EXERCISE — Below is a listing; restate from it, character for character, the lines beginning at the line holding "例如,在研磨料中加入五種不同" and ending at the line holding "ld)和写(sd)的控制输入", both included.

DATASET EXTRACT —
════════════════════
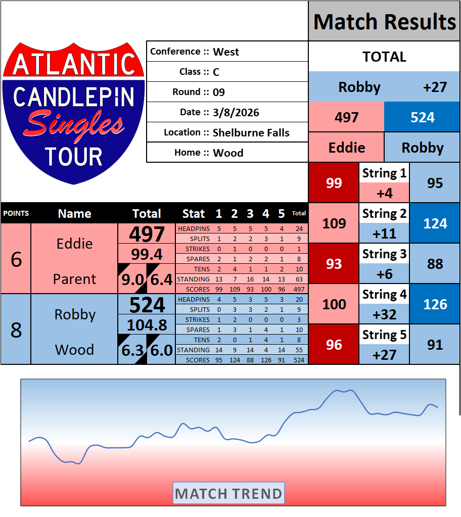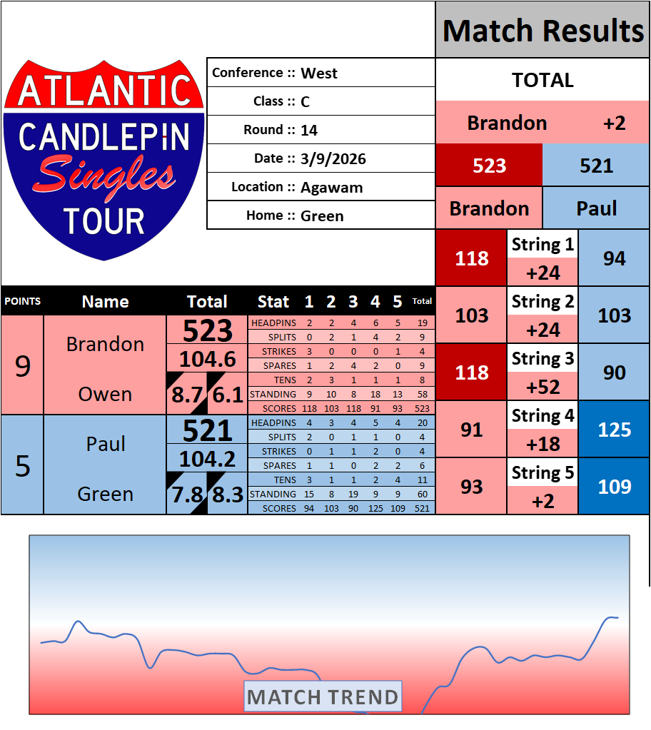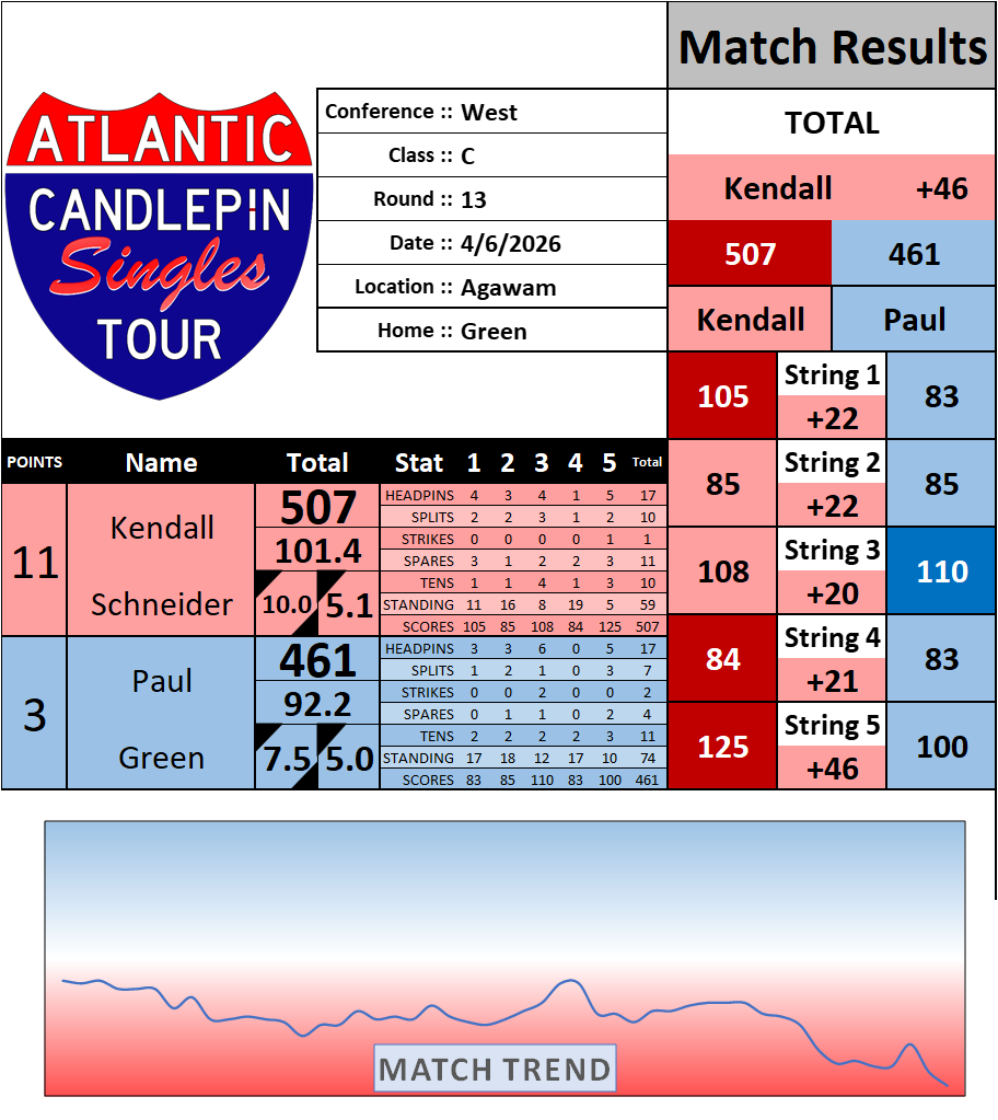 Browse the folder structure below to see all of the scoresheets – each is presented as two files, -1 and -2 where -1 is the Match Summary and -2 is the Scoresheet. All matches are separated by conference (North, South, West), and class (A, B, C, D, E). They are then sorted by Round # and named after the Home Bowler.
════════════════════
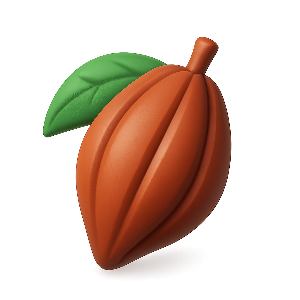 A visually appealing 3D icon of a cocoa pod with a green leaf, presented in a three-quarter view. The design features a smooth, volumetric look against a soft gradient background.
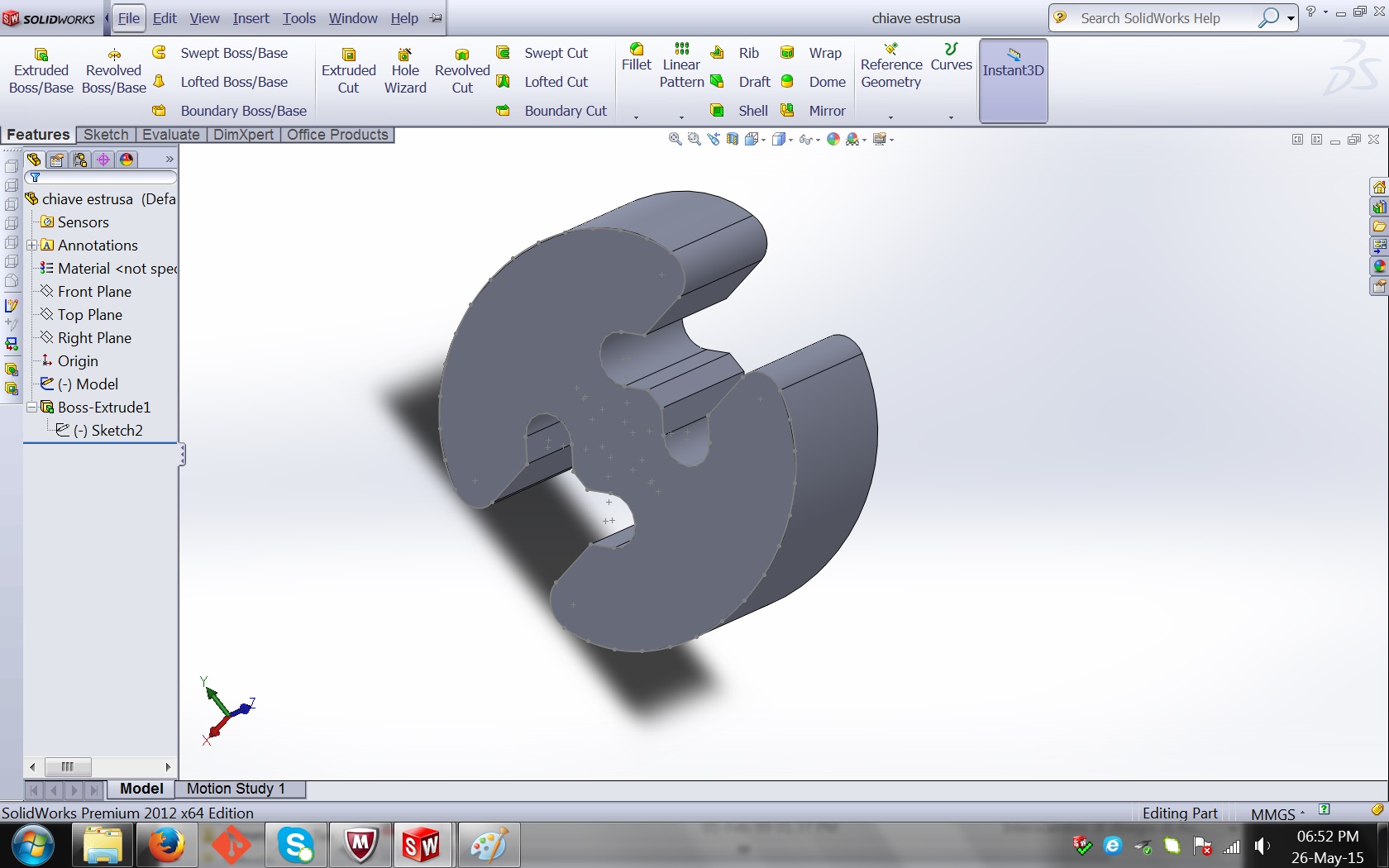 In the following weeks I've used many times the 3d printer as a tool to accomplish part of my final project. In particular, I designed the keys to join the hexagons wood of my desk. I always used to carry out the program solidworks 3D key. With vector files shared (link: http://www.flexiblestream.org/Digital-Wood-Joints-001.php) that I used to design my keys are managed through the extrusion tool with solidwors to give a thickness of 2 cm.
════════════════════
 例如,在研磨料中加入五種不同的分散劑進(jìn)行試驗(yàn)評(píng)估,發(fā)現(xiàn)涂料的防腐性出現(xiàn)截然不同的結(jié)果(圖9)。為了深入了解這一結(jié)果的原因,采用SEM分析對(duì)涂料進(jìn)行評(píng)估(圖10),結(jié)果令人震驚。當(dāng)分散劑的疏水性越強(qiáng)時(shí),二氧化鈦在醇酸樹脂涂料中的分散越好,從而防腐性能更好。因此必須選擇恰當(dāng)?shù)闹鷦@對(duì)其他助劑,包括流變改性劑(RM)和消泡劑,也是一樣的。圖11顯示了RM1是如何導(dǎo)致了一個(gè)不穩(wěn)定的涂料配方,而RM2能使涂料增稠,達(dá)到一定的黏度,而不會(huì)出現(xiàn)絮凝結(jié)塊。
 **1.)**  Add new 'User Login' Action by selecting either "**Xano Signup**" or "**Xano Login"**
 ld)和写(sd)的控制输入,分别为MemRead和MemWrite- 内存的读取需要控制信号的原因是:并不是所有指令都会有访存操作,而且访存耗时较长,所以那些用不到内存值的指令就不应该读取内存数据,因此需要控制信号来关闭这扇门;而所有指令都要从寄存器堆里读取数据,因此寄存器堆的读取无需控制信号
════════════════════
EXERCISE RESPONSE —
 例如,在研磨料中加入五種不同的分散劑進(jìn)行試驗(yàn)評(píng)估,發(fā)現(xiàn)涂料的防腐性出現(xiàn)截然不同的結(jié)果(圖9)。為了深入了解這一結(jié)果的原因,采用SEM分析對(duì)涂料進(jìn)行評(píng)估(圖10),結(jié)果令人震驚。當(dāng)分散劑的疏水性越強(qiáng)時(shí),二氧化鈦在醇酸樹脂涂料中的分散越好,從而防腐性能更好。因此必須選擇恰當(dāng)?shù)闹鷦@對(duì)其他助劑,包括流變改性劑(RM)和消泡劑,也是一樣的。圖11顯示了RM1是如何導(dǎo)致了一個(gè)不穩(wěn)定的涂料配方,而RM2能使涂料增稠,達(dá)到一定的黏度,而不會(huì)出現(xiàn)絮凝結(jié)塊。
 **1.)**  Add new 'User Login' Action by selecting either "**Xano Signup**" or "**Xano Login"**
 ld)和写(sd)的控制输入,分别为MemRead和MemWrite- 内存的读取需要控制信号的原因是:并不是所有指令都会有访存操作,而且访存耗时较长,所以那些用不到内存值的指令就不应该读取内存数据,因此需要控制信号来关闭这扇门;而所有指令都要从寄存器堆里读取数据,因此寄存器堆的读取无需控制信号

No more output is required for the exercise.